Выбрать главу

— И что она не ладит с этим ручейком? — спросил Зигмусь, сияя от счастья. — Десять сантиметров воды… Господи Иисусе, вот это лошадь! Рот мягкий, несёт, как ангел на крыльях, я все время её придерживал. Если она не поскачет на длинные дистанции, то я просто сосиска с капустой!

Старый Гонсовский заботливо оглядел кобылку. Флоренция, приплясывая, рвалась скакать дальше. Было совершенно ясно, что эта игра понравилась ей больше всего на свете.

— Этой её масти я не могу понять, — протянул он задумчиво. — От Сарагана получались в основном серые лошади, разве что в мать шли. Но эта целиком вороная, а мать у неё была караковая.
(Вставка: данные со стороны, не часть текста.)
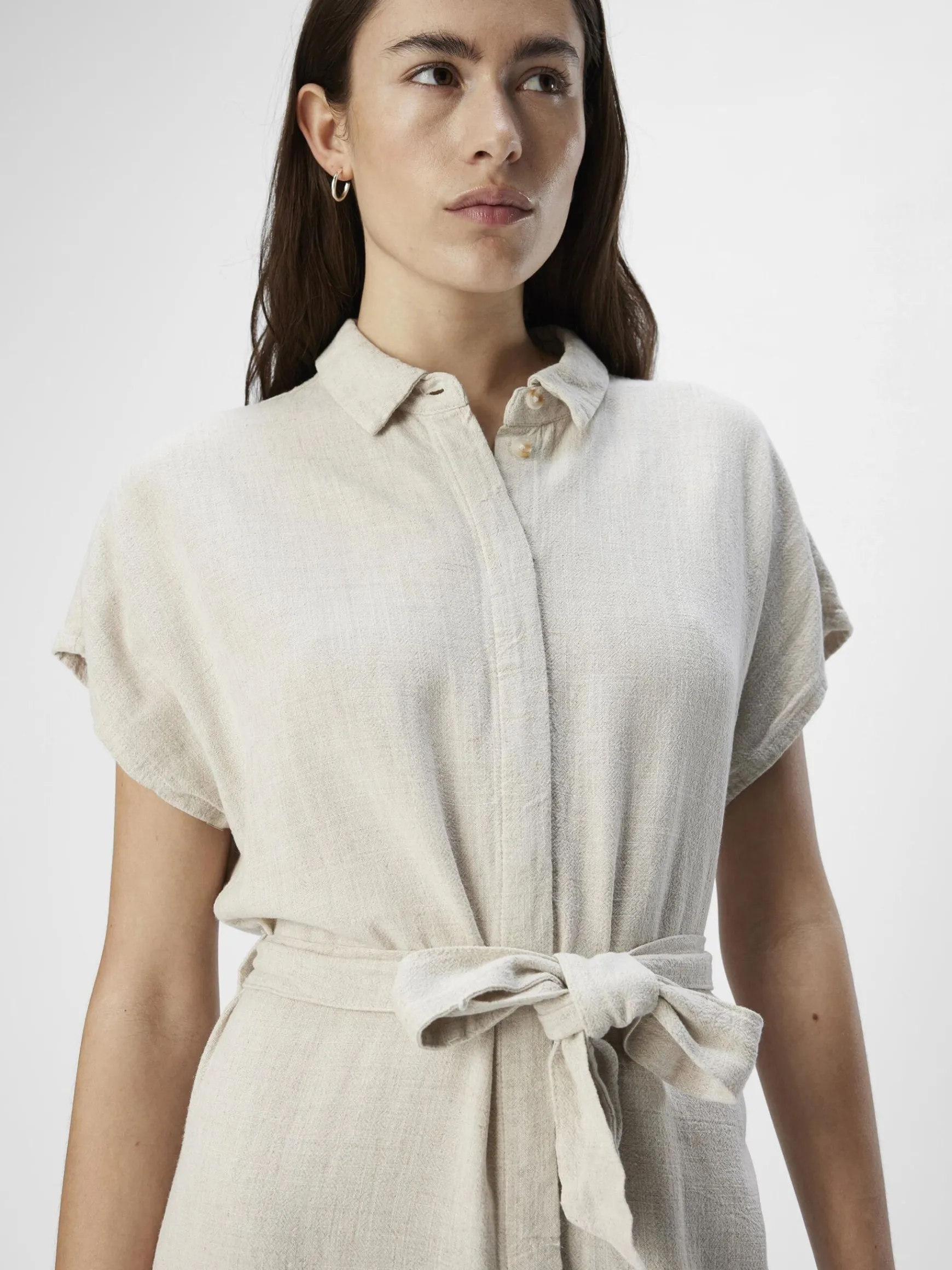 – Cut-away-krave- Sænkede skuldre- Korte ærmer-Knapper foran skjult af stolpe- Bindebælte i taljen- Baseball-sømkant- Midi-længde- Regular fit- Fremstillet med mere ansvarligt stof- Modellen er iført størrelse 36- Modelsens højde er 173 cm

В кого ж это она?

Невзирая на кипящий в нем восторг, Зигмусь сумел вовремя прикусить язык. Тоже мне вопрос, в кого это она! Дьявол был чёрным, как настоящий дьявол. В отца, разумеется! И остальные её достоинства тоже в отца, вот только Дьявол никаких ручейков, веточек и травок не боялся. Она его догонит и перегонит, ей-ей, может, будет лучше легендарной Ведьмы…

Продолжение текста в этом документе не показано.